Participants were tested individually in an alcove that was curtained on the open side, with an approximately 10 ft by 10 ft play area. Participants wore an off-the-shelf, wired, original model HTC VIVE headset, with room tracking capability from base stations mounted at the corners of the alcove (see Supplemental Material). Participants took on the role of Dr. Alex Smith, a scientist studying multiple dimensions and building a teleportation device. In this 20-min game, participants learn there are multiple dimensions and need to set up a transmitter by finding objects from the multiple dimensions. The players were given puzzles to solve with the help of a mysterious voice: “Jordan.” As the game continued, Jordan gave progressively less direction, allowing players to feel competent in solving the problems.
After putting on the VR headset, participants found themselves in Dr.

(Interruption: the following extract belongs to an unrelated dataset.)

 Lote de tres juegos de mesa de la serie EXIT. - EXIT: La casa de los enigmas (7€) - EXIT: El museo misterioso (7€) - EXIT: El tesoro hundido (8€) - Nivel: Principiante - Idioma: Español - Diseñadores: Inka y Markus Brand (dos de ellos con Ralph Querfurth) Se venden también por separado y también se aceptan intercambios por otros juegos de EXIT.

Smith’s laboratory (see Figure 2) and followed instructions to pick up a beaker and place it on a device labeled “transmitter.” The beaker vanished as the transmitter activated, and an earpiece appeared in a device labeled “receiver.” Participants followed instructions coming from the earpiece to put it in their ear, at which point they were introduced to Jordan, a mysterious fan of Dr. Smith’s work.
Jordan referred to Dr. Smith’s expertise and work at several points (e.g., “Your theories on Entanglement were correct!”) and sent a pair of glasses to the participants through the receiver. The glasses made several translucent red objects appear, and Jordan explained that these objects were in another dimension, and that the participants needed to be able to see them to build a beacon. Participants followed Jordan’s instructions and solved several puzzles in which they obtained objects for the beacon. The final object they needed was a battery, found in a back room. Plugging the battery into the beacon completed the level, and a portal opened to another level where they solved more puzzles. A video of the game (in the early reveal woman avatar condition) can be viewed at https://youtu.be/kbeYzNASGLY.
Participants were randomly assigned to the early or late reveal condition and the man or woman avatar condition. In the early reveal condition, when the participants entered the back room in the first level, they were able to see their character in a mirror. In the late reveal condition, the mirror was in a room that the participants encountered at the end of the third level. For the avatar gender conditions, the game avatars were designed to be clearly distinguishable as either a man or a woman (e.g., through hairstyle, body shape), but without sexualizing the avatars (see Figure 3). We specifically selected avatars that would match each other and the low polygon count (e.g., cartoony) style of the VR game environments (see Supplemental Material).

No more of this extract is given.